On a month-old Greenland government page, the current license holder for the project, HK-based China-Nordic Mining, appears with a C/O address at Jiangxi Zhongrun in Nanchang, the provincial capital. Little has been made known about this Zhongrun: it has been called a “well-known real estate company”, a “private company”, a “genuine” mining company; at any rate, contact data provided for some of these companies point to Wang Suji 王苏吉, a Jiangxi businessman with various interests which indeed include real estate. Mr Wang has of late become a shareholder in Nordic Mining, the British company originally awarded the license (I wrote about the people behind Nordic Mining in my article on the Carlsberg project last year).

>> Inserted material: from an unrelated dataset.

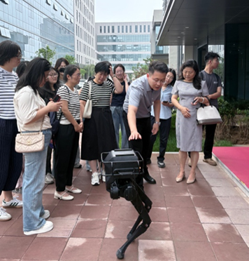 期间,山西数据流量谷邵副总经理向学院师生介绍了数据流量谷的整体概况,包括园区规划、产业布局、数据资源集聚及数字经济发展成果等,并带领参观了园区内的机器人,通过近距离观察与互动,师生们直观感受了智能机器人在操作领域的功能特性,对人工智能技术的实体化应用有了初步认识。在技术演示环节,数据流量谷团队通过模拟场景操作与效果呈现,使师生们深入理解了人工智能技术如何通过数据赋能提升效率、优化服务,切实体会到数字技术与实体经济融合发展的实践路径。

former OSCE expert suspicious about Chinese aurora observatory in Iceland

“Northern Light research in Reykjadal an excuse?” asks last week’s Akureiri Vikublað on its very front page, introducing an interview with Pascal Heyman, a security policy expert formerly with the OSCE. “The fact that the Chinese come here and want to research the skies above Iceland” at a projected aurora observatory, says Heyman, “looks suspicious.” They might be wanting to use “modern technology” to keep an eye on “everything going on” up there, in what is actually “NATO airspace”, and warns Iceland to be wary of Chinese intentions and rather increase cooperation with their Scandinavian neighbours.

The aurora observatory is a joint project of Icelandic researchers and the PRIC (China’s polar research institute), somewhat facilitated by Halldór Jóhannsson, Huang Nubo’s spokesman in Iceland, and others.

The wording towards the end of the Akureyri Vikublað article makes me wonder if Mr Heyman knew about the aurora observatory before the interview.

(Via RÚV and Islandsbloggen.)

work under way on Hålogaland bridge steelwork

Work on the steel structures for the Hålogaland bridge in Narvik, northern Norway, is “formally under way”, although the actual construction of the steelwork will only start in the second half of this year and it will take some time until it gets delivered to Norway.

From China, that is. The steelwork for the suspension bridge, to be the second longest of its kind in Norway, was awarded last October to a Chinese contractor, Sichuan Road and Bridge Group, about which I wrote a thing or two a couple of months ago.

A minor accident (unrelated to the work of the Chinese contractor) occurred last week at the building site.